Labor market is improving, planned layoffs have dropped 65%. Photographer: Jeff Kowalsky/Bloomberg
Labor market is improving, planned layoffs have dropped 65%. Photographer: Jeff Kowalsky/Bloomberg

June 2 (Bloomberg) -- Job cuts announced by U.S. employers declined in May, indicating the labor market is improving.

Planned firings dropped 65 percent to 38,810 from 111,182 in May 2009, according to figures released today by Chicago-based Challenger, Gray & Christmas Inc.

Companies are retaining workers and starting to hire as they boost production and spending to meet improved demand in the U.S. and abroad.

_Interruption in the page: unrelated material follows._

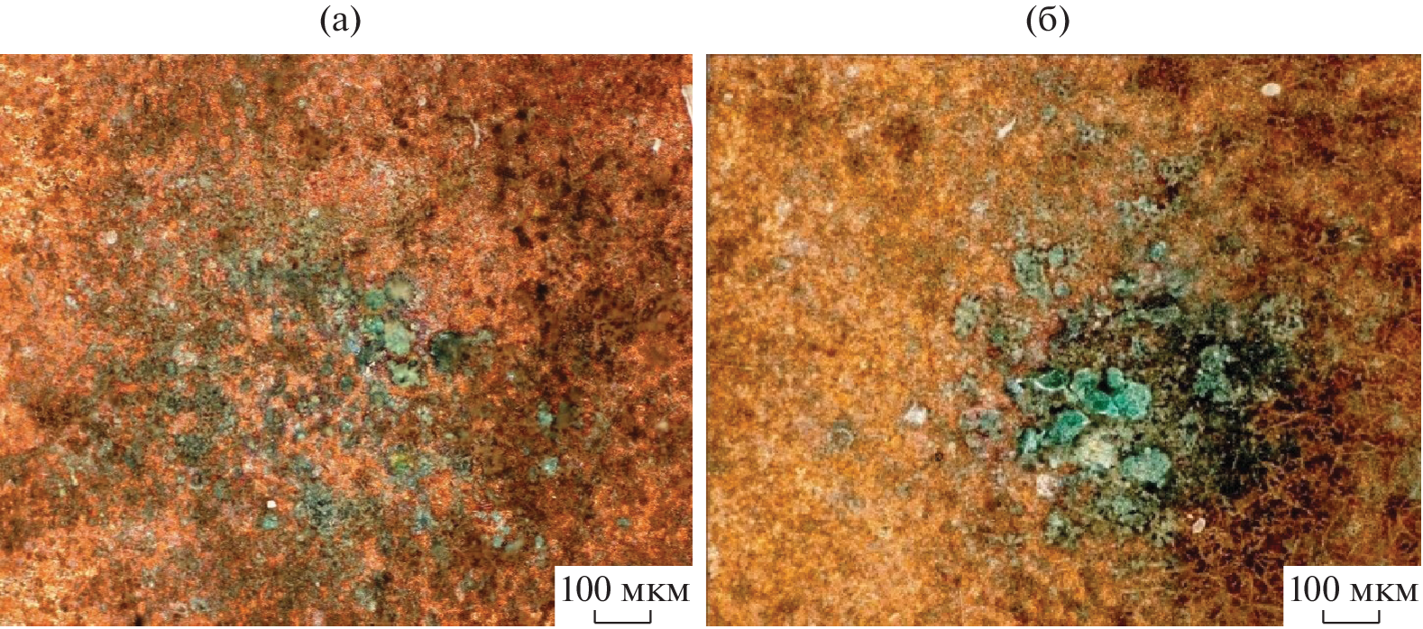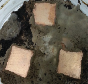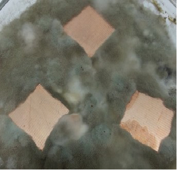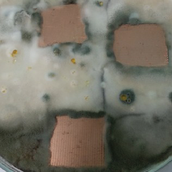 A study is performed of the micromycete biocorrosion of electrical copper M1E and fiberglass FR4 with copper coating, which are used in the production of printed circuit boards. The structure of the surfaces of corroded samples is studied via optical and electron microscopy. Energy dispersive X-ray spectroscopy is used to perform a qualitative and semi-quantitative analysis of chemical elements present in the composition of corrosion products after exposing samples to a bed of micromycetes. An X-ray phase analysis of the products of copper biocorrosion is performed. It is established that microorganisms adhere to the metal surface at the initial stage of micromycetic corrosion, and colonies of them develop. It is suggested that reactive oxygen species (superoxide anion-radical and hydrogen peroxide) participate in the biocorrosion of copper and the functioning of the zerovalent copper–hydrogen peroxide system, triggering a cascade of reactions that result in the destructive oxidation of copper. The role of biofilms of the microscopic fungal colony as the main factor in the mycological corrosion of copper is explained.

An improving labor market will help the economy withstand challenges posed by the European debt crisis and growing U.S. state and local budget deficits.

“Announced job cuts have, for all intents and purposes, returned to pre-recession levels,” John Challenger, chief executive officer of Challenger, Gray & Christmas, said in a statement. “What makes the low job-cut totals we have seen this spring particularly remarkable is that we still have not reached what is the slowest downsizing period of the year, which typically occurs during the summer months.”

Challenger also said the pace of cuts probably won’t recede further “considering that the economy, while recovering, is still in a relatively fragile state.”

Hiring plans increased in May by 14,922 positions, led by financial firms and automotive companies, today’s report showed.

A Labor Department report June 4 will show the U.S. added 513,000 jobs in May, helped by a jump in hiring of temporary government workers to conduct the census, according to the median forecast in a Bloomberg News survey. The unemployment rate fell to 9.8 percent from 9.9 percent in April, according to the survey.

Attrition, Retirement

Challenger’s data do not always correlate with figures on payrolls or first-time jobless claims as reported by the government. Many job cuts are carried out through attrition or early retirement. Some employees whose jobs are eliminated find work elsewhere in their companies, and many announced staff reductions never take place because business improves. The totals also include foreign affiliates.

The number of planned job cuts increased 1.3 percent in May from a four-year low of 38,326 in April, today’s report showed. The figures aren’t adjusted for seasonal effects, so economists prefer to focus on year-over-year changes rather than monthly numbers.

Government and non-profit organizations led in planned reductions last month, with 16,697. State and local governments, which have suffered a drop in tax collections as a result of fewer jobs and lower home prices, are under pressure to balance their budgets and have “no other choice but to make drastic cuts in public programs and the jobs that go with them,” Challenger said.

New York led all states with 18,960 announced job cuts, followed by California, with 4,920.

New York Governor David Paterson’s plan to furlough 100,000 state workers for one day a week was blocked again by a federal judge in Albany last month. Paterson made the proposal to help close a $9.2 billion deficit in the state budget that he put forward in February. The state has been operating under emergency appropriation measures that the governor has described as “bare bones.”